For the third consecutive election, the Scottish National Party (SNP) were returned as the largest party with nine seats, but remained shy of an overall majority. Labour gained back some of the ground they had lost at the previous election and were again returned as the second-largest party with five seats. The Conservatives lost 40 per cent of their seats to return three councillors, while the Greens won their first seat in a Clackmannanshire election.

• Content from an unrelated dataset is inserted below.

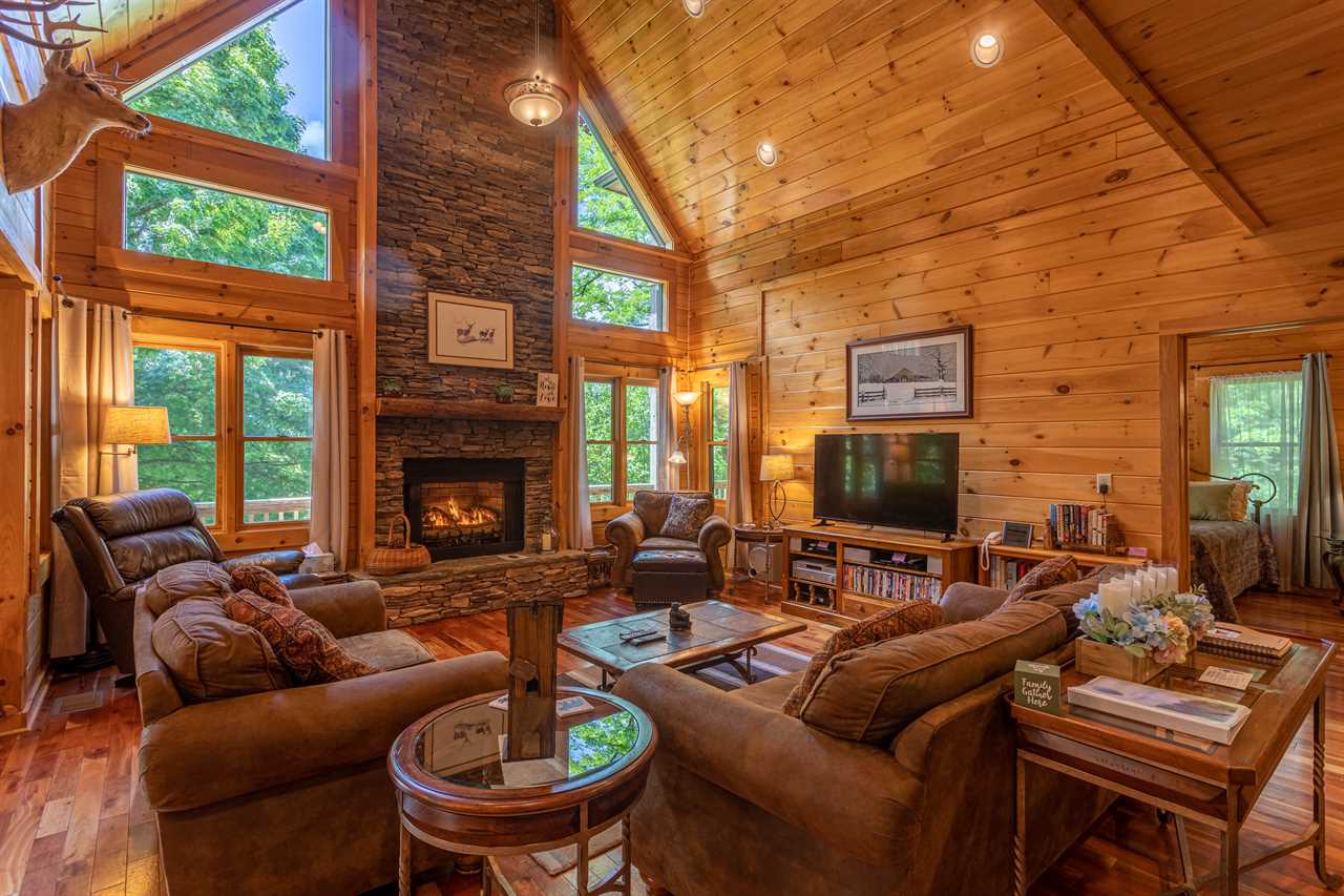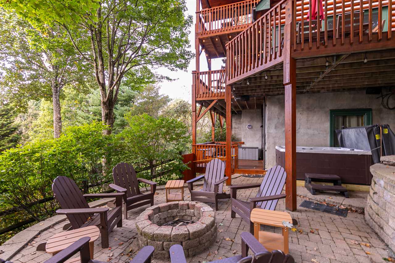 ACCOMMODATIONS: Windswept Vistas has three bedrooms plus one additional private sleeping area for your enjoyment. Main level: Master King Upper level: Master Queen, Master Queen Lower level: Queen Room, Queen Sleeper in Family Room This open and spacious cabin is located just five minutes from Appalachian State University and historic downtown Boone; and less than fifteen miles from Blowing Rock and Banner Elk. With a relaxing view, cozy gas fireplace, central AC, LED lighting, large firepit area, hot tub, ping pong table, and with a second kitchen – It's always a guest favorite. Sitting atop beautiful Snaggy Mountain is Windswept Vistas – where each of the four sleeping areas has its own deck to enjoy the relaxing views. Throughout the home, Windswept Vistas offers a welcoming and inviting atmosphere. As you enter this cabin, you are drawn to the wonderful views through the many large windows, or the forty foot stacked stone fireplace that is the centerpiece of the open living area. The comfortable leather furniture is both stylish and conducive to relaxing in front of a warm fire for a family movie night; with a bentwood rocking chair for a soothing escape. There is a convenient washroom on this level as well, helping maintain privacy for those staying in the master bedroom. Off to one side of the living area is the dining room, with a large table surrounded by windows to take in the random view of deer and wild turkey. Or step outside onto one of the six decks to a large outdoor dining area and gas grill with rockers for the “grill master” to relax in while keeping an eye on things. Adjoining the dining area is the large, modern kitchen with quality appliances and ample space. There are even some cookbooks available to help get you started, and extra seating at the counter. Across the main level on the other side you will find the master bedroom, with cast-iron king bed and its own deck with log furniture and a relaxing chair swing. As in all the sleeping areas, there are HDTv's and quality linens. The master bathroom is an escape all its own, with large garden tub and separate tiled walk-in shower with multiple showerheads – just think “relaxation.” Upstairs you will find two more rooms, each with a queen bed, HDTv, private deck with log furniture and private bath with tiled shower. Separating the two is the loft, with a comfy chair perfect for curling up with a good book, and a desk with a wired High-Speed internet connection for those working remotely. There are high open ceilings throughout this level as well. The lower level of this home features a large family room complete with its own kitchen, full bath and the fourth room, with private deck. Perfect for someone who wants a little extra privacy, the family room has a seating area, table and chairs to accommodate a meal or game of cards, and a HDTv with surround sound. The bathroom on this level has a whirlpool tub, or step outside and enjoy the stars from the covered hot tub while enjoying a crackling fire in the firepit. For family fun, this home has a ping pong table in the family room, and on the outdoor patio the firepit is complete with comfortable adirondack seating – perfect for roasting hot dogs, marshmallows and making SMORES..or simply enjoying a crackling wood fire. There is also a large fenced area in back to provide a play area for young children, or a convenient and enclosed option for your four legged family members. Windswept Vistas has paved access for all but the last quarter mile - It is plowed in winter, but 4WD or AWD vehicles are required November-March, and chains may also be necessary to access this property in winter months. Firewood may be added at the time of booking or by reaching out to us more than a week in advance. You get two wrapped bundles and a firestarter for $25/night. Thank You for considering Windswept Vistas for your vacation stay! CANCELLATION POLICY - Bookings canceled 60+ days before arrival will receive a refund of the deposit. Bookings canceled between 31-59 days before arrival will receive a refund of half of the deposit. Bookings canceled within 30 days of arrival are not entitled to a refund unless the reservation dates are rebooked to another guest. All bookings are subject to a $50 cancellation fee. - All BRMR homes offer well stocked kitchens with all utensils needed to cook meals. There is also a "starter set" of paper products at the house: a roll of toilet paper per bath, several garbage bags, a small vial of dishwashing liquid, a few tablets of dishwasher detergent, some laundry pods, a roll of paper towels, hand soap, shampoo, conditioner, body wash, and some makeup remover cloths. There are enough of these items for one night, or maybe two. We do not provide hair dryers. Towels and linens will be provided - Check in is after 4pm and check out is by 10am - Must electronically sign an additional Rental Agreement Terms and Conditions and any Neighborhood Rules sent by Host (property manager) or entry information cannot be sent. - Must be at least 25 years old to reserve. This person is required to be the person signing the agreement and must be one of the persons staying in the property for the reserved dates. - No smoking inside the home. No trace of smoking left outside the home. - Do not leave food or trash outside as it could attract animals. All trash must be bagged and placed in the trash receptacle indicated in the Welcome Book inside the house or your digital guidebook. - No parties or gatherings above the posted occupancy allowed at any time. Keep outside noise respectable. - 4WD/AWD and/or chains recommended during winter (Nov-March) for all homes. Travelers visiting during the winter months where inclement weather may be possible should come prepared with an AWD or 4WD vehicle, and chains may also be required if it snows. No refunds, allowances, or date changes will be given to travelers who are not prepared with the proper vehicle, as outlined i

The minority SNP administration retained control of the council with incumbent council leader Cllr Ellen Forson re-elected to the post. Cllr Donald Balsillie was elected Provost and Cllr Phil Fairlie was selected as the council's first convener.

==Background==
===Previous election===

At the previous election in 2017, the Scottish National Party (SNP) again won the most seats and governed with a minority administration, having returned eight councillors. Labour experienced heavy losses as their number fell from eight to five; they became the second largest party. The Conservatives made a net gain of four to hold five seats.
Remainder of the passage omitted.